- Directed by: Patrick Coyle
- Written by: Patrick Coyle
- Produced by: Katelyn Haugdahl
- Starring: Mark Benninghofen Emily Bridges Peter Christian Hansen Sara Marsh
- Release date: March 15, 2015;
- Running time: 92min
- Country: United States
- Language: English

= The Public Domain (film) =

The Public Domain is a 2015 drama film set in Minneapolis, Minnesota. The film follows characters whose lives were impacted by the collapse of the I-35W Mississippi River bridge on August 1, 2007. The story takes place seven years later. It is centered in a bar in a Polish neighborhood named The Public Domain. The time is around the feast of Saint Casimir (March 4.)
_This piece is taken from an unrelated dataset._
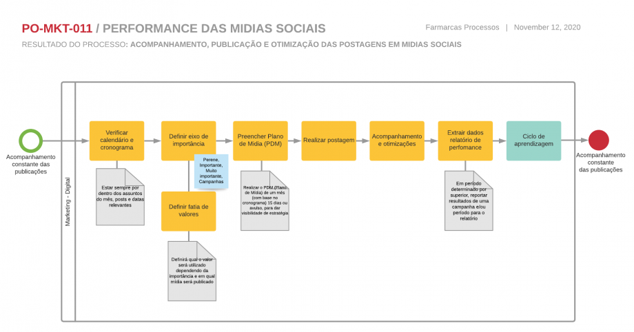O processo de performance das mídias sociais é o acompanhamento constante das publicações das redes sociais com o time de digital do Marketing, verificando mensalmente o cronograma de postagens programadas, definindo valores e importâncias dos assuntos, postando e monitorando as mídias sociais.
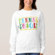 Relájese con esta bonita y colorida camisa de Navidad. Oferta de características: "Merry & Bright" en tipografía con letras a mano moderna y personalizado con recortes estelares. Perfecto "suéter de Navidades feos" para esas divertidas fiestas.

The film was shot on location in Minneapolis and St. Paul. Budget came from the Minnesota Arts and Cultural Heritage Fund, through a reimbursement program administered by the Minnesota Film & TV board Independent Filmmaker Project Minnesota. To qualify, films have to be set in the state and/or have a strong Minnesota focus.

==Reception==
The film had its official debut at the Lagoon Theater in the Uptown neighborhood of Minneapolis on Friday, March 27, 2015. Colin Covert of the Star Tribune gave it 3 out of 4 stars, stating "[Coyle] has given us a well-crafted small budget indie touching some painful, funny truths."